Listed records section start

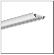
STOS-ALU Profile Ref: B4369
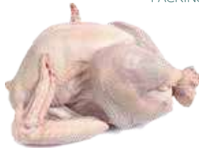
WHOLE TURKEY PACKING: 7-8kg/ pc
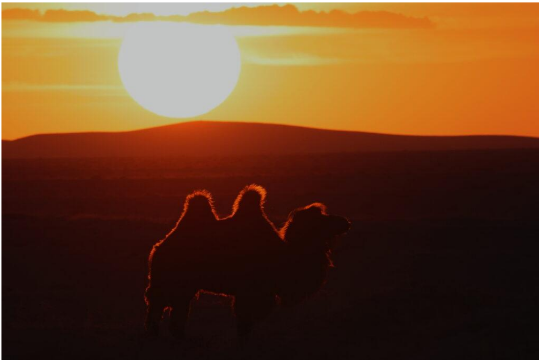
Camel in the Gobi sunset
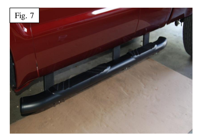
Step 6: Check that all brackets are tight before stepping on boards.

Step 5: Fully tighten brackets to the vehicle. The slots in the brackets allow for <sup>3</sup>/<sub>4</sub>" of height adjustment. Keeping the running board level with the vehicle, set to the desired height and fully tighten brackets at this time.
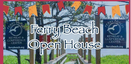
Learn more at: ferrybeach.org/open-house

After this event, we'll have our Annual Meeting (note-the annual meeting is only for Ferry Beach members during 2023). Town Hall begins at 11am, followed with lunch and the meeting at 1:15pm.
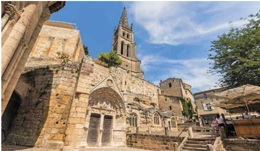
Monolithic Church, Saint-Émilion
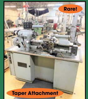
HARDINGE #HLV-H PRECISION TOOLROOM LATHE
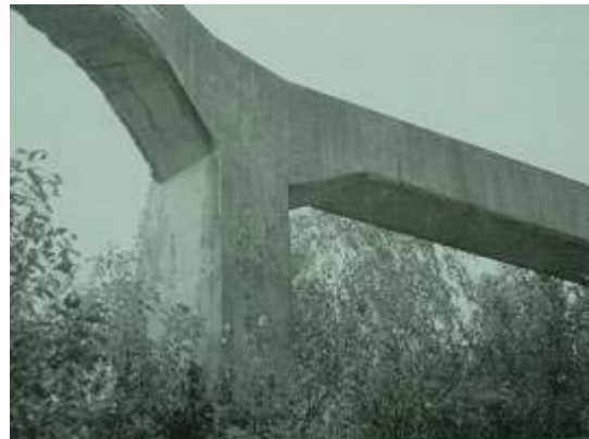
Sturdy Construction: Weight capacity estimated at capacity of at least 100 tons.

Not only did I publish "Einstein's Antigravity", but I made sure that it stayed on the main page of American Antigravity for maximum exposure & impact. The idea was to begin educating the public about this remarkable technology, and I was sure that the way to approach it was to saturate the web with links & online references.
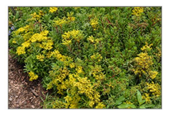
Middendorf Striatum Stonecrop in bloom
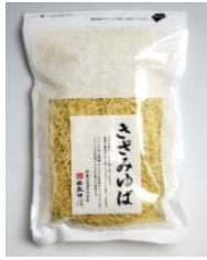
Hiei-yuba Dried Shredded Yuba (soybean curd)
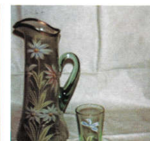
165. SHASTA DAISY
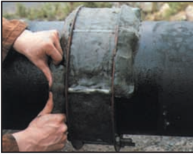
Profiling and infilling with Densyl Mastic.
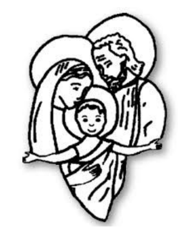
The Holy Family of Jesus, Mary and Joseph.

Sponsor the Sanctuary Lamp. If you are willing to sponsor the sanctuary lamp to burn for your intentions for one week, please pick up an envelope. The friars will pray for this intention each day. The minimum suggested donation is £10.
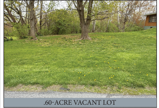
.60-ACRE VACANT LOT

LOCATED AT: 152 E. Church St. Stevens, PA 17578 * E. Cocalico Twp
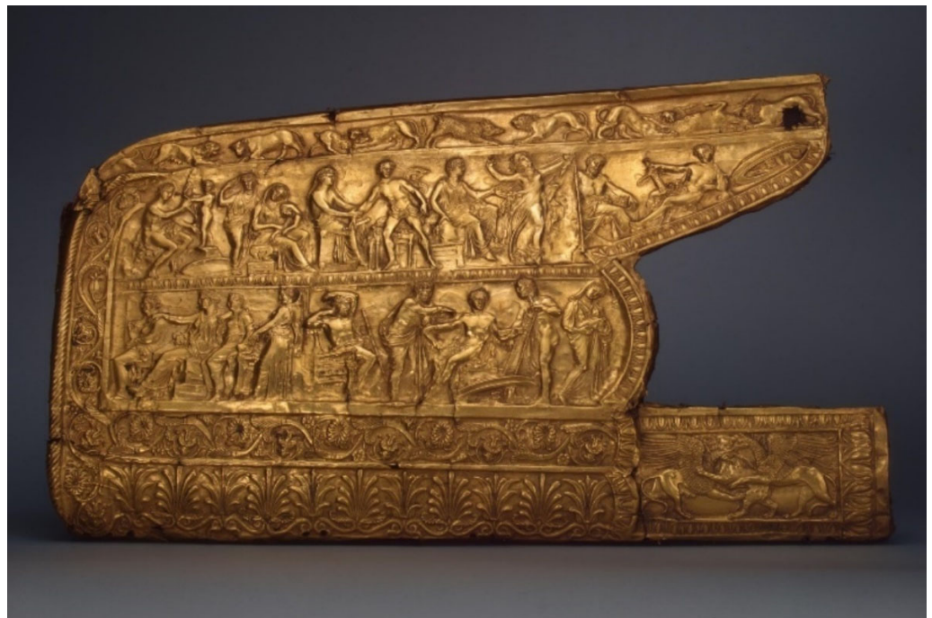
Figure 30. Gorytos cover (SHM inv. no. Дн.1863-1/435); gold; Chertomlyk kurgan, Dnepropetrovsk region, Ukraine; 350–325 BC. [Image is used from www.hermitagemuseum.org (accessed 9 November 2022), courtesy of the State Hermitage Museum, St. Petersburg, Russia].

Comparable to the Chertomlyk [Figure 30] and Solokha gorytos is the gorytos from Vergina tomb II, often identified as belonging to Philip II of Macedon, in the Central Macedonia region in present-day Greece. 60 The layout of this gorytos' panels is similar. In the central panel a furious battle rages between various classical nude Greek warriors, perhaps another Trojan scene. The upper border is filled with a line of geese or swans, while the wing tab contains a mythic-warrior, perhaps Apollo or a hero. While these gorytos are all of fine Greek manufacture, the gorytos as a piece of war gear is Scythian in origin, and in Vergina this gorytos likely represents an exotic gift to a Macedonian ruler from a Scythian or Bosphoran ruler. Thus, intended for a non-Scythian audience, it has been stripped of any animal style imagery. The geese or swans are a simple repeating pattern, while the tab is given over to an anthropomorphic figure. However, it does perhaps serve to confirm a rule in the layout of these gorytos, all of which are of the same design, that the spaces around the main scene are laid aside for the depiction of scenes other than human narratives.

Listed records section end

From the opening line of the entries, copy each line exactly until the line with "Learn more at: ferrybeach.org/open-house", which is copied as well; leave out pictures.

STOS-ALU Profile Ref: B4369
WHOLE TURKEY PACKING: 7-8kg/ pc
Camel in the Gobi sunset
Step 6: Check that all brackets are tight before stepping on boards.

Step 5: Fully tighten brackets to the vehicle. The slots in the brackets allow for <sup>3</sup>/<sub>4</sub>" of height adjustment. Keeping the running board level with the vehicle, set to the desired height and fully tighten brackets at this time.
Learn more at: ferrybeach.org/open-house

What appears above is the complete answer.